Task objective:
Among the entries below, find the line with "The super strong", then quote it and each following line up to and including the line with "4月14日下午,由西安市城鄉", and nothing else.
━━━━━━━━━━
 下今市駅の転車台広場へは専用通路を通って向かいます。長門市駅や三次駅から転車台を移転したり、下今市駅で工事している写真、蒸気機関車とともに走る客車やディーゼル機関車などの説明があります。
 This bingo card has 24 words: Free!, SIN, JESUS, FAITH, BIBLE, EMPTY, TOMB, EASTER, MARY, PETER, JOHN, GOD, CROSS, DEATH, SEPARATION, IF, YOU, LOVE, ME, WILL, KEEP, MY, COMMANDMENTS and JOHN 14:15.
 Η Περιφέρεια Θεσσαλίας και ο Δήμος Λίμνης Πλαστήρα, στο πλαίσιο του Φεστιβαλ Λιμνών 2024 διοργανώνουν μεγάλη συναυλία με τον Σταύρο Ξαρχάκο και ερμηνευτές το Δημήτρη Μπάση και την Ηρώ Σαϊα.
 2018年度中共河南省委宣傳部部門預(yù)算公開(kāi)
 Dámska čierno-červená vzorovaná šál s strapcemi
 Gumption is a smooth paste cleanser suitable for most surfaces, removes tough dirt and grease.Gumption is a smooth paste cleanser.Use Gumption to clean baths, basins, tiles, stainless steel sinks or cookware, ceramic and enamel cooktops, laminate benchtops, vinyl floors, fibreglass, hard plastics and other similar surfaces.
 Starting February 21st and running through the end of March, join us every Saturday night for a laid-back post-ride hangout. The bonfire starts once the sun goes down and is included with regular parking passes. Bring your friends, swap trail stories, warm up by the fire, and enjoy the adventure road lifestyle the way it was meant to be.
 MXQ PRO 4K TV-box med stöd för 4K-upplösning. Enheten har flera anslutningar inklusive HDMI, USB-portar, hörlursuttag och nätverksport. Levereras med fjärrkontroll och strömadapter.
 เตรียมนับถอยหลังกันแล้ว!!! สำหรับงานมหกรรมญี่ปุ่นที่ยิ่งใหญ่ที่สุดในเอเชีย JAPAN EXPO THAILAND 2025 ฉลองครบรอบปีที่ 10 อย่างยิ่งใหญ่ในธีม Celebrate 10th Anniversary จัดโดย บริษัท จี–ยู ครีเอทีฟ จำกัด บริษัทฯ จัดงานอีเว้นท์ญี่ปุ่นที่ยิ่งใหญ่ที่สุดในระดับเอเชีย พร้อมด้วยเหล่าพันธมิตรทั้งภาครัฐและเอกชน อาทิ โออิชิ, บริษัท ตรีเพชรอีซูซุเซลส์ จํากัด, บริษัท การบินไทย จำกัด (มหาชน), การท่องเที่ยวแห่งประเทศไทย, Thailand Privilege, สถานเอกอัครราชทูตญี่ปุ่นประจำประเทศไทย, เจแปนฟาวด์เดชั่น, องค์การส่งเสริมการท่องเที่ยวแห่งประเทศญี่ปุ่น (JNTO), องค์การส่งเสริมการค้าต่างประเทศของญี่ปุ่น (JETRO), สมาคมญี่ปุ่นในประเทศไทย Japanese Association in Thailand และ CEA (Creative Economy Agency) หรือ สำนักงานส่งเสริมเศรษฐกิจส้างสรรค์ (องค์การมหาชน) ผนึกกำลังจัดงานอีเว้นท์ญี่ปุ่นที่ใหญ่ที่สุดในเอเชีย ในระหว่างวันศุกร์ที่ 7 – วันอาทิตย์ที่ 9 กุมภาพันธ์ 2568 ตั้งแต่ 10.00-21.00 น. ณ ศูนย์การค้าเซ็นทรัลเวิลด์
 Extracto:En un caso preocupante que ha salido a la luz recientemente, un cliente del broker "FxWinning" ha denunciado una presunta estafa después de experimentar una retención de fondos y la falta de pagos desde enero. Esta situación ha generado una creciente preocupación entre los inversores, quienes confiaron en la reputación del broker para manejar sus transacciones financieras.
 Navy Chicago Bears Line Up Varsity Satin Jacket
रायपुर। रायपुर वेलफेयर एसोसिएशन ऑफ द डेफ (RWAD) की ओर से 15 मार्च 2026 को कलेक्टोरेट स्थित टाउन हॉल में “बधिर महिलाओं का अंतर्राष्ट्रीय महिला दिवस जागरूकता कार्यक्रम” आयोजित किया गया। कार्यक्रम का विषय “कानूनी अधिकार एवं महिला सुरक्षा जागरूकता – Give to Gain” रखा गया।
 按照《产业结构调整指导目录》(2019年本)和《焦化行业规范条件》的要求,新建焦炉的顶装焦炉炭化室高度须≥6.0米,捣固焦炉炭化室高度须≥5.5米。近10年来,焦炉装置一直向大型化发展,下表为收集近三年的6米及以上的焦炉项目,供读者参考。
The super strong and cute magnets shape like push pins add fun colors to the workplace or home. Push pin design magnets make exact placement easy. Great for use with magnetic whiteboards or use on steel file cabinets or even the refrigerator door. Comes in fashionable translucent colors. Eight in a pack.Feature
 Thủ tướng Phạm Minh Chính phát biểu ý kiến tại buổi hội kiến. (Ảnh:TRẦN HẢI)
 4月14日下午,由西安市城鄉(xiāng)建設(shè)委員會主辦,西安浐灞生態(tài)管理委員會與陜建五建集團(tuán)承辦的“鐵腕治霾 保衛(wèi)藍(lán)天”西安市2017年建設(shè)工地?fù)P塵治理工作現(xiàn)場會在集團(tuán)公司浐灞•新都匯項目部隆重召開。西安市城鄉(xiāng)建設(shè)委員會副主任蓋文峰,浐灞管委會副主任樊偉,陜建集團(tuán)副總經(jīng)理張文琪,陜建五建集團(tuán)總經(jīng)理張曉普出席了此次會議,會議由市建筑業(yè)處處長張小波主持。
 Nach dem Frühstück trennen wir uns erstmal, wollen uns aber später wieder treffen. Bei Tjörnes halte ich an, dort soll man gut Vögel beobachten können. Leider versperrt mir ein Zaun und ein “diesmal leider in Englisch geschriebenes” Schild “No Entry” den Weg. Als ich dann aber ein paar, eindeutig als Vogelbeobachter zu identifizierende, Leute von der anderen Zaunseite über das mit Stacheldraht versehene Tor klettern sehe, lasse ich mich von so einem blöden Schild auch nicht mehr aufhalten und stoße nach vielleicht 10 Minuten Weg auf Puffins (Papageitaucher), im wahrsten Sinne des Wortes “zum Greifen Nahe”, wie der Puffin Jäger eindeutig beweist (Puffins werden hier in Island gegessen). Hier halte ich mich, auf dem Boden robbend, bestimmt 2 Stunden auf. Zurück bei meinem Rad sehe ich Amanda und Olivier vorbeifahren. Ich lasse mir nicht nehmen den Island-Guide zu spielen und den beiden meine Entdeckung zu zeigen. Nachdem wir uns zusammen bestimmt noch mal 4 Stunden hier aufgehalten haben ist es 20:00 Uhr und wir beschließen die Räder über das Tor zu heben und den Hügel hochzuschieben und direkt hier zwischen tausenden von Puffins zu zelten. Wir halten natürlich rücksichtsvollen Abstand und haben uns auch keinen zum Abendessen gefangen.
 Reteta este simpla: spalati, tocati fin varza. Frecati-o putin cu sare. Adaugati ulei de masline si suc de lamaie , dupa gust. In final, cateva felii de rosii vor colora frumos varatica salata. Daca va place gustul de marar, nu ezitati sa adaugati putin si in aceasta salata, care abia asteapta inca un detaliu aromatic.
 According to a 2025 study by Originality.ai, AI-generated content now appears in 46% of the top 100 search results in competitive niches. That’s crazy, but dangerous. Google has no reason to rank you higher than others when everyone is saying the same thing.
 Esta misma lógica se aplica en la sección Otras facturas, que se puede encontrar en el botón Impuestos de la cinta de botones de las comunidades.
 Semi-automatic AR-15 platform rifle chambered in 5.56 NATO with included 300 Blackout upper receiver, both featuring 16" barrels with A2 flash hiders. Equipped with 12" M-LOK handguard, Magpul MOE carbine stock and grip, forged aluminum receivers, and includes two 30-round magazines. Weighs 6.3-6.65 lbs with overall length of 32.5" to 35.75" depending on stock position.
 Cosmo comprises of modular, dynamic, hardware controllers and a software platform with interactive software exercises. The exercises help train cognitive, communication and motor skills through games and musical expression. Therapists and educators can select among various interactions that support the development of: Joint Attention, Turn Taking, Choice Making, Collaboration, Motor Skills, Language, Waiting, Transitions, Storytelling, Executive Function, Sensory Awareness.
━━━━━━━━━━
Completed exercise:
The super strong and cute magnets shape like push pins add fun colors to the workplace or home. Push pin design magnets make exact placement easy. Great for use with magnetic whiteboards or use on steel file cabinets or even the refrigerator door. Comes in fashionable translucent colors. Eight in a pack.Feature
 Thủ tướng Phạm Minh Chính phát biểu ý kiến tại buổi hội kiến. (Ảnh:TRẦN HẢI)
 4月14日下午,由西安市城鄉(xiāng)建設(shè)委員會主辦,西安浐灞生態(tài)管理委員會與陜建五建集團(tuán)承辦的“鐵腕治霾 保衛(wèi)藍(lán)天”西安市2017年建設(shè)工地?fù)P塵治理工作現(xiàn)場會在集團(tuán)公司浐灞•新都匯項目部隆重召開。西安市城鄉(xiāng)建設(shè)委員會副主任蓋文峰,浐灞管委會副主任樊偉,陜建集團(tuán)副總經(jīng)理張文琪,陜建五建集團(tuán)總經(jīng)理張曉普出席了此次會議,會議由市建筑業(yè)處處長張小波主持。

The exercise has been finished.